• Activity: Among the lines of the listing below, retype exactly those from the one containing "志愿者為群眾講解生活用水處理流程" through the one containing "Április 30-án, csütörtökön", both included. Do not include pictures.

• Data listing:
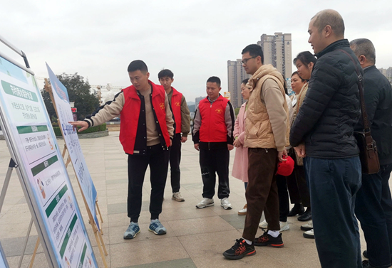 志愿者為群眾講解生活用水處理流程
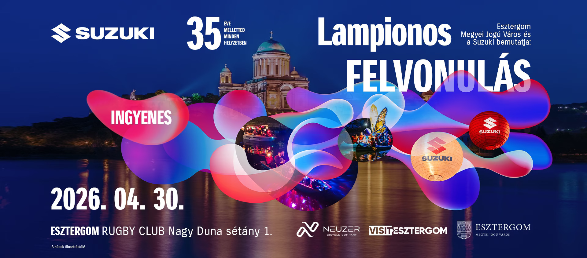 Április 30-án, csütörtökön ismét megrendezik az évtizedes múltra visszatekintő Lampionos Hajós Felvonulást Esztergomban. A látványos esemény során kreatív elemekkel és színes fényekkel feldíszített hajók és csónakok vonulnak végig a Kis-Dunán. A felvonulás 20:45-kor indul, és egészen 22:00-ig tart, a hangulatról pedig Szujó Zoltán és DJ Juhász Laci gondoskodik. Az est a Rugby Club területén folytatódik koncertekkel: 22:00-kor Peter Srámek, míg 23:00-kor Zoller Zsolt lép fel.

==

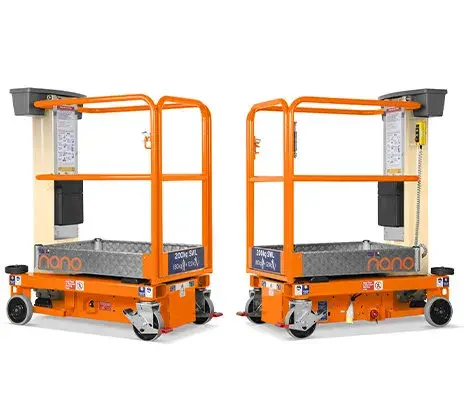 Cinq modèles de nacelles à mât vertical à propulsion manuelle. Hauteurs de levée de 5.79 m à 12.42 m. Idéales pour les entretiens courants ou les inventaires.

• Result for this task:
 志愿者為群眾講解生活用水處理流程
 Április 30-án, csütörtökön ismét megrendezik az évtizedes múltra visszatekintő Lampionos Hajós Felvonulást Esztergomban. A látványos esemény során kreatív elemekkel és színes fényekkel feldíszített hajók és csónakok vonulnak végig a Kis-Dunán. A felvonulás 20:45-kor indul, és egészen 22:00-ig tart, a hangulatról pedig Szujó Zoltán és DJ Juhász Laci gondoskodik. Az est a Rugby Club területén folytatódik koncertekkel: 22:00-kor Peter Srámek, míg 23:00-kor Zoller Zsolt lép fel.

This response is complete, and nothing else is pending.